Restate the lines word for word, from the first line of the records through the line containing "正大鵬安中標(biāo)酒泉". Leave out the pictures and anything after that line.

Exercise inputs:
== Segment start ==
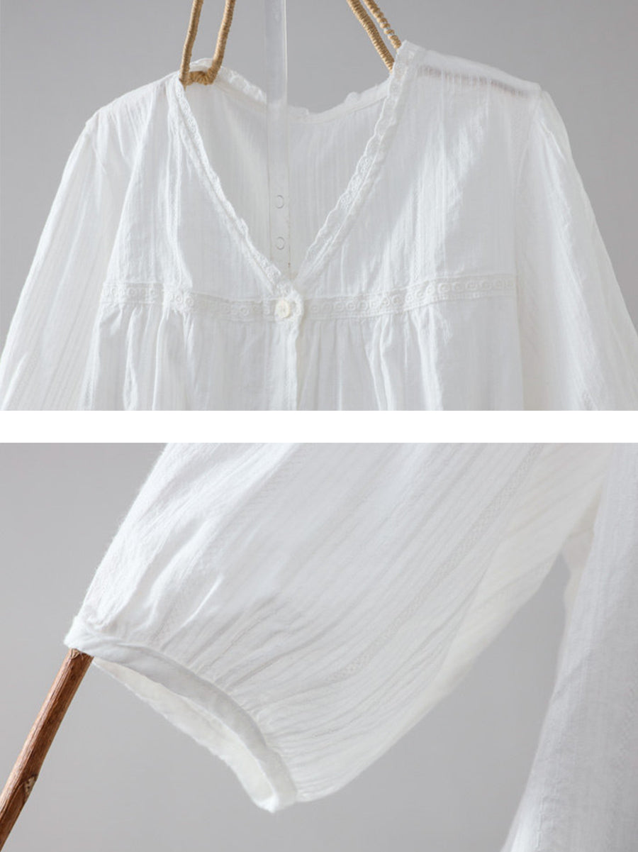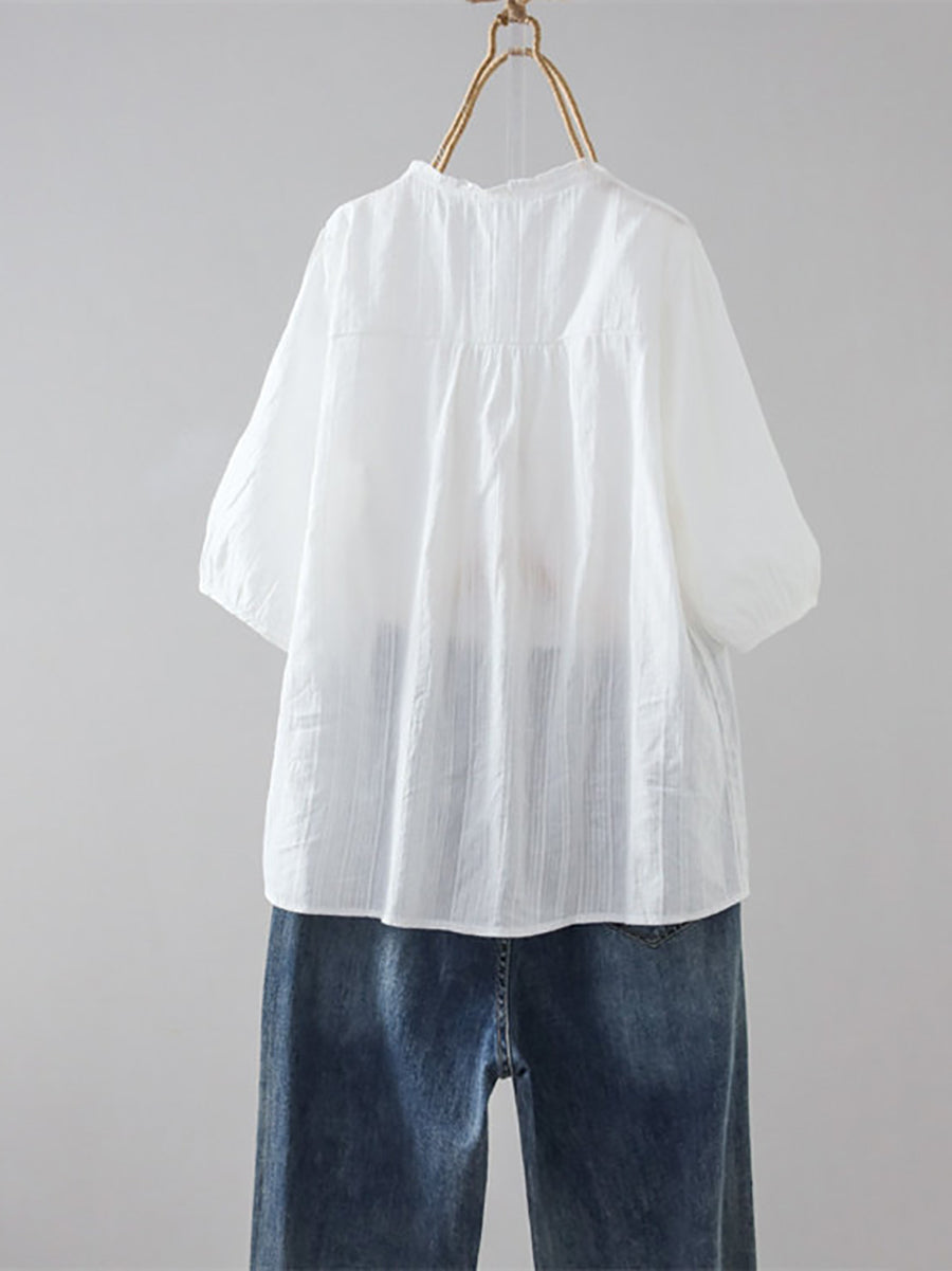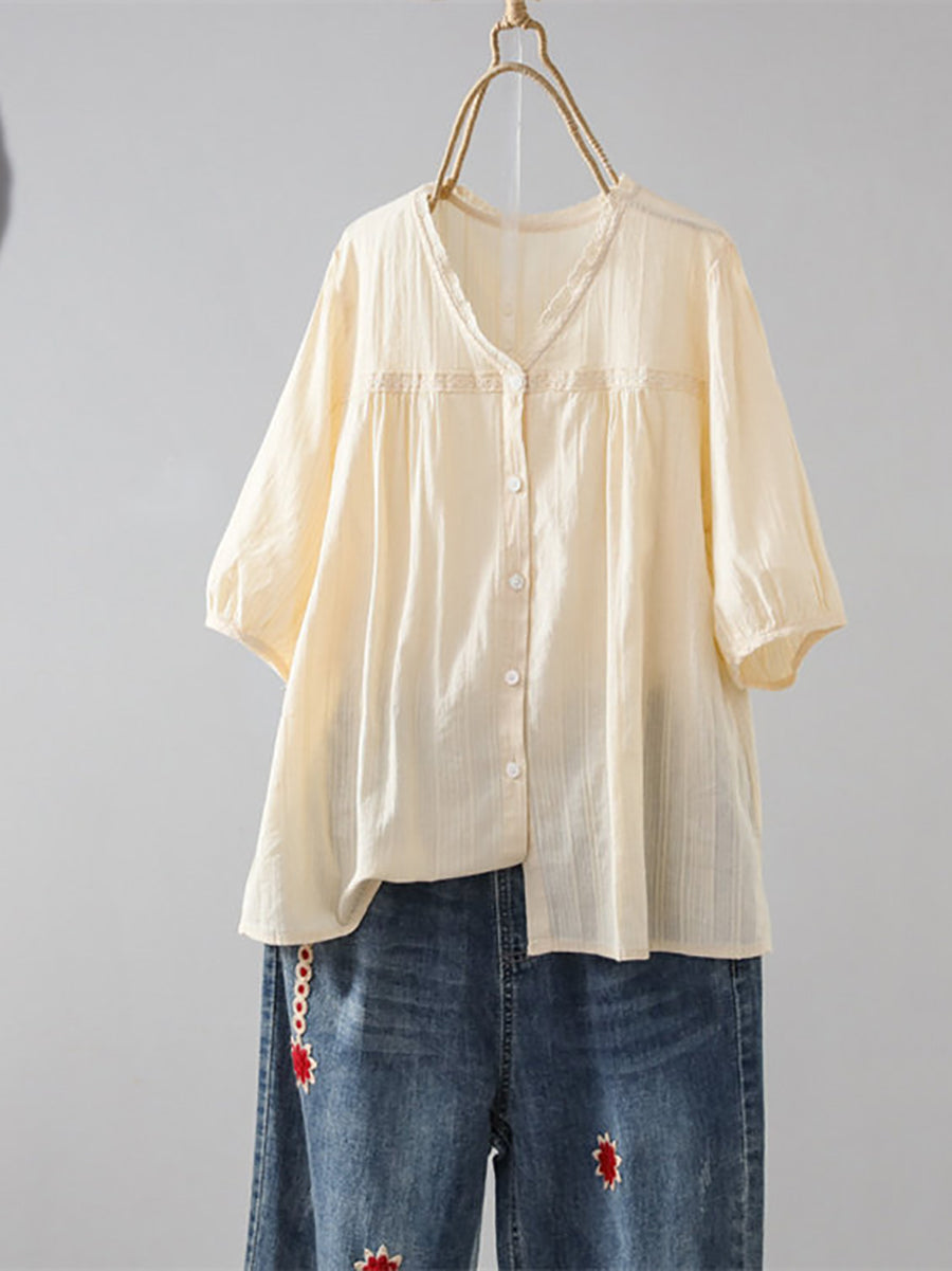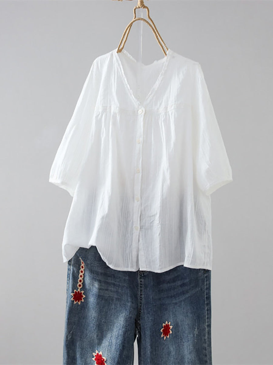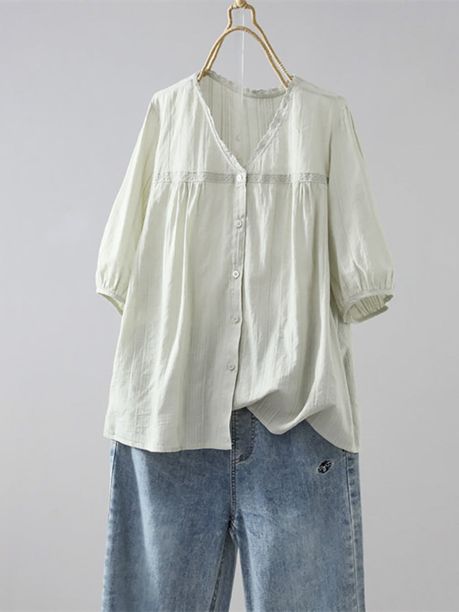 Women Summer Artsy Pure Color 100%Cotton V-Neck Shirt
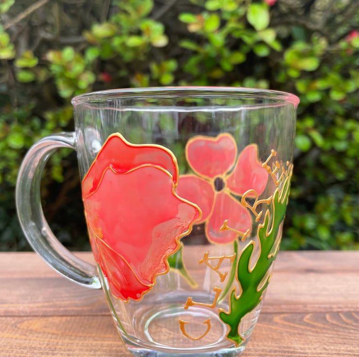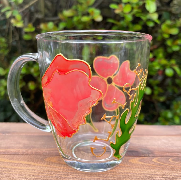 Hand Painted Glass Mug Poppy Gifts with Personalisation
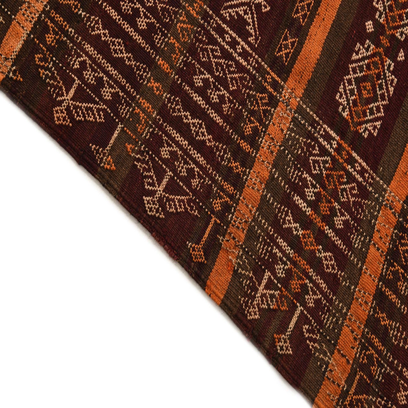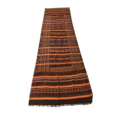 A 12 ft runner rug from the Kilim Fars collection, featuring a tribal Persian pattern in browns and tans.
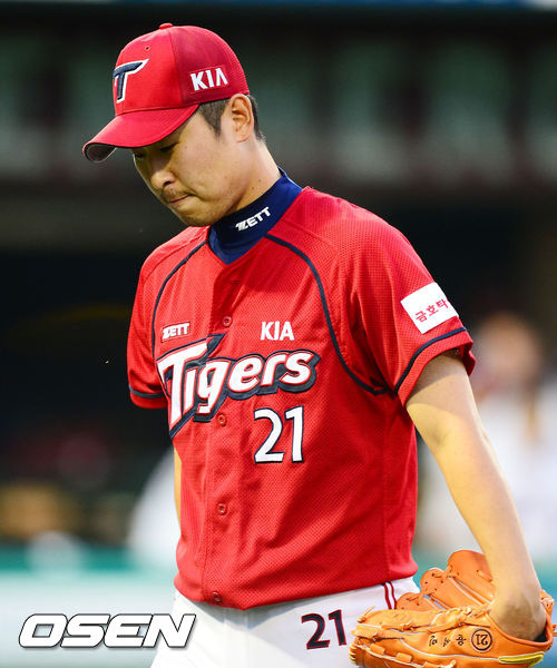 7일 오후 서울 목동구장에서 열린 2013 한국야쿠르트 세븐프로야구 넥센 히어로즈와 KIA 타이거즈의 경기, 4회말을 마친 KIA 선발 윤석민이 동점 홈런을 허용한 것에 대해 아쉬움을 삼키며 덕아웃으로 들어오고 있다.
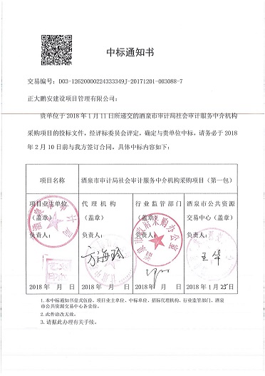 正大鵬安中標(biāo)酒泉市審計局社會審計服務(wù)中介機(jī)構(gòu)采購項目
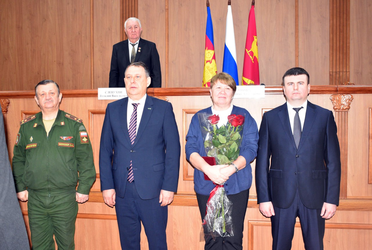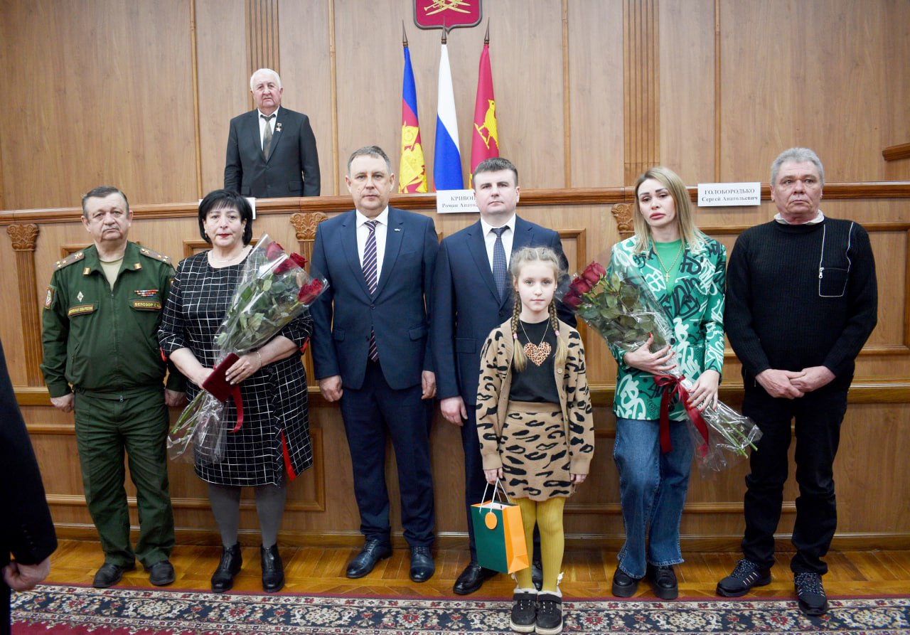 Мероприятие продолжилось церемонией вручения государственных наград. Эту миссию выполнили руководитель Департамента ветеринарии края Роман Кривонос, глава района Сергей Голобородько, военный комиссар Кореновского и Выселковского районов Сергей Белозор. Ордена Мужества (посмертно) были вручены семьям погибших героев: - старшего лейтенанта Иралимова Виктора Алексеевича, - рядового Крыгина Владимира Александровича, - ефрейтора Лысак Никиты Сергеевича, - гвардии младшего сержанта Палиенко Сергея Валентиновича, - рядового Упырь Александра Юрьевича. Имена наших воинов останутся в истории района, вечная память защитникам Отечества!
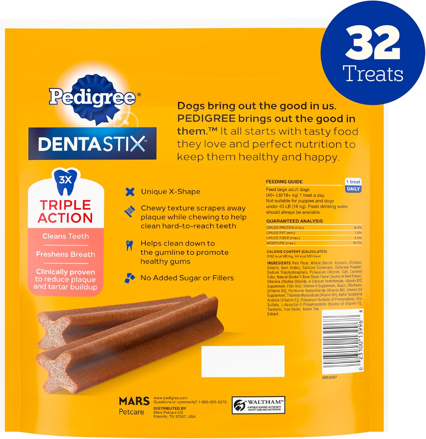 - Triple Action: Pedigree Dentastix Large Breed Dental Care Treats come with triple action which reduces tartar buildup, cleans teeth, and freshens breath
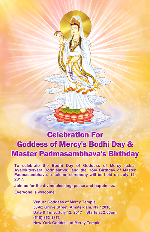 To celebrate the Bodhi Day of Goddess of Mercy (a.k.a. Avalokitesvara Bodhisattva), and the Holy Birthday of Master Padmasambhava, a solemn ceremony will be held on July 12, 2017, at the grand Goddess of Mercy Temple.
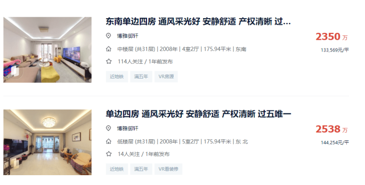 早期的回迁房博雅御轩,已于2020年拿到国土证。不过其二手房鲜有挂牌出售,如今在贝壳上仅有2套放售,挂牌价格高达14.4万元/㎡。
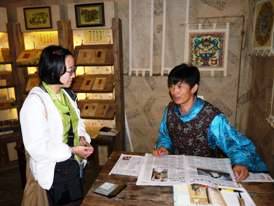 In Old Town Lijiang, we had a fortuitous meeting with a real Dongba. He was a man about our age, sitting behind a desk in a store selling stationary with Naxi insignias. We were looking around in the store and suddenly Jackson saw the sign “邂逅东巴” on his desk. We asked him, “Are you a Dongba?” He said yes, looking almost surprised that someone would be interested in his identity. We knew that in the Naxi culture Dongbas are revered for their literacy, knowledge and wisdom. So our excitement at meeting a real Dongba could hardly be contained. We talked with him for what must be a good half hour, our topics ranging from the origin and morphological characteristics of the Dongba language to the present-day commercialization of Naxi culture. Some of his statements were apparently less than accurate, but he was certainly poignant, and articulate. He claimed that scholars from forty countries are currently conducting research on the only pictographic writing system existing today but no one other than a handful of Dongbas can fully understand it. If so, I asked, why don’t the Dongbas teach the language to as many as possible? “We don’t,” he said, “we don’t even teach the language to our sons if they don’t appear to be intelligent. We only teach the really intelligent, promising boys.” Asked again why, he said it’s because literacy is the key to the Dongba religious scripture and only the intelligent ones can decipher the scripture appropriately. I made the mistake of asking him to teach me to read a line from what appears to be a Dongba language textbook on his desk. No, he said. If I really wanted to learn that sentence, I would need to spend three days sitting with him, not just a few minutes.
== Segment end ==
Task result:
 Women Summer Artsy Pure Color 100%Cotton V-Neck Shirt
 Hand Painted Glass Mug Poppy Gifts with Personalisation
 A 12 ft runner rug from the Kilim Fars collection, featuring a tribal Persian pattern in browns and tans.
 7일 오후 서울 목동구장에서 열린 2013 한국야쿠르트 세븐프로야구 넥센 히어로즈와 KIA 타이거즈의 경기, 4회말을 마친 KIA 선발 윤석민이 동점 홈런을 허용한 것에 대해 아쉬움을 삼키며 덕아웃으로 들어오고 있다.
 正大鵬安中標(biāo)酒泉市審計局社會審計服務(wù)中介機(jī)構(gòu)采購項目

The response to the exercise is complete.